**Task description:**
Lift out, unaltered, the lines of the material below between the line holding "Руководители нынешних и" and the line holding "del mismo nombre, D.", counting both.

**Provided records:**
++++++++++++++++++++

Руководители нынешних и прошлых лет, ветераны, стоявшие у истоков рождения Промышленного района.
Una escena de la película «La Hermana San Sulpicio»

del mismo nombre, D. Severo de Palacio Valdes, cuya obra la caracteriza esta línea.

++++++++++++++++++++

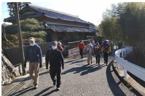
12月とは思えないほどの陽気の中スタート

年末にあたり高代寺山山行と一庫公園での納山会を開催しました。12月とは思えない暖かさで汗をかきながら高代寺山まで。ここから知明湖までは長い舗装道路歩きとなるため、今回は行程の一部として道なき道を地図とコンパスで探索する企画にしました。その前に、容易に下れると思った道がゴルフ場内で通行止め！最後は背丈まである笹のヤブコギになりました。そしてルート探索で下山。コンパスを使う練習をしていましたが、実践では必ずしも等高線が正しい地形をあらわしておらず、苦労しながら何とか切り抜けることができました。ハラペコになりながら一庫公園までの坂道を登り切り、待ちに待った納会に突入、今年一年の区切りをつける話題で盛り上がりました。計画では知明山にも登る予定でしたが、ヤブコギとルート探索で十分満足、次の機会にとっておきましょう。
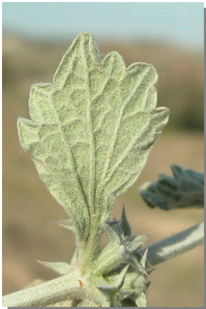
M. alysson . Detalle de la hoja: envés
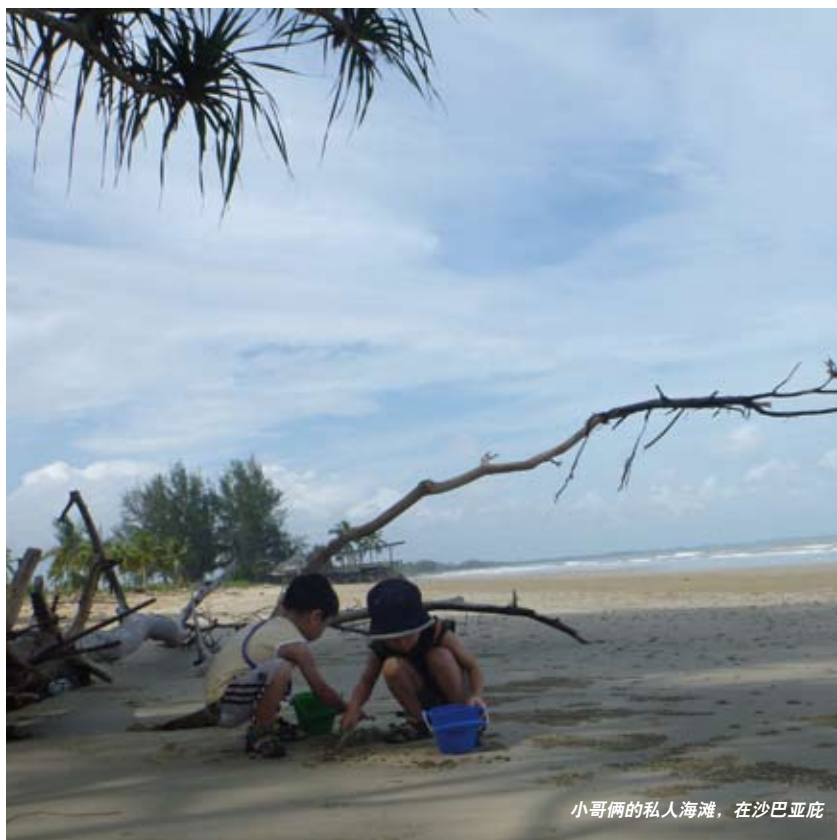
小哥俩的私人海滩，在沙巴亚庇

++++++++++++++++++++

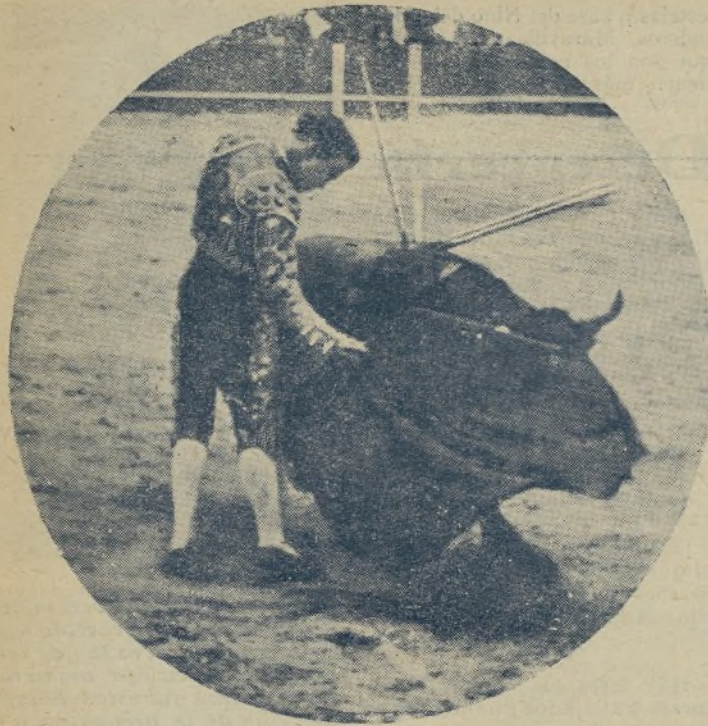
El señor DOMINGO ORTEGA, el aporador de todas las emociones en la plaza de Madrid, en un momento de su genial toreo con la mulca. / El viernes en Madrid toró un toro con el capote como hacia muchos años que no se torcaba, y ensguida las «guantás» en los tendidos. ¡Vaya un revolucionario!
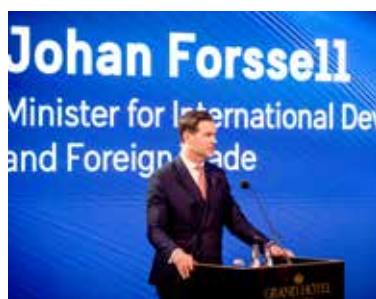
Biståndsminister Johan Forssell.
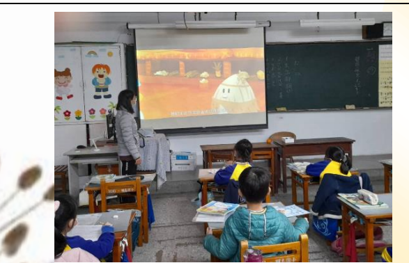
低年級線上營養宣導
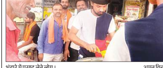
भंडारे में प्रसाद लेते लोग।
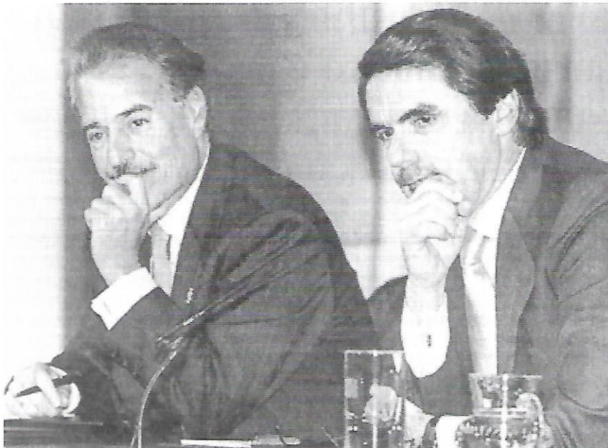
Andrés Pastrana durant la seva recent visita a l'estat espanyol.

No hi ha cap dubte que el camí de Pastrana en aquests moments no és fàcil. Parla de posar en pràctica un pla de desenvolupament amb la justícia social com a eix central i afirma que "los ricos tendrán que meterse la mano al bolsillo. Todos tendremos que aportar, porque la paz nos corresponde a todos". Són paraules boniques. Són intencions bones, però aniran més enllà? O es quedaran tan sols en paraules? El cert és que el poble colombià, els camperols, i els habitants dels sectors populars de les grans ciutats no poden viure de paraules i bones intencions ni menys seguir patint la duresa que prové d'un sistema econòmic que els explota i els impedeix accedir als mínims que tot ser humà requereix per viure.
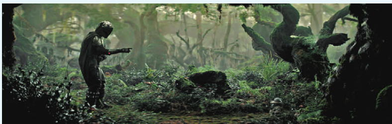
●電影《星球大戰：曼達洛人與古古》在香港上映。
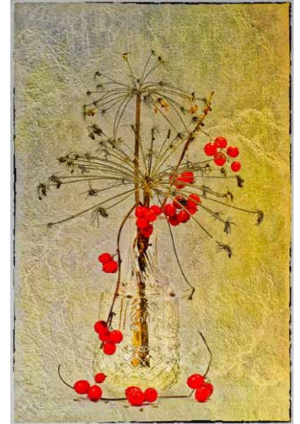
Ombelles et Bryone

++++++++++++++++++++

**Result:**
Руководители нынешних и прошлых лет, ветераны, стоявшие у истоков рождения Промышленного района.
Una escena de la película «La Hermana San Sulpicio»

del mismo nombre, D. Severo de Palacio Valdes, cuya obra la caracteriza esta línea.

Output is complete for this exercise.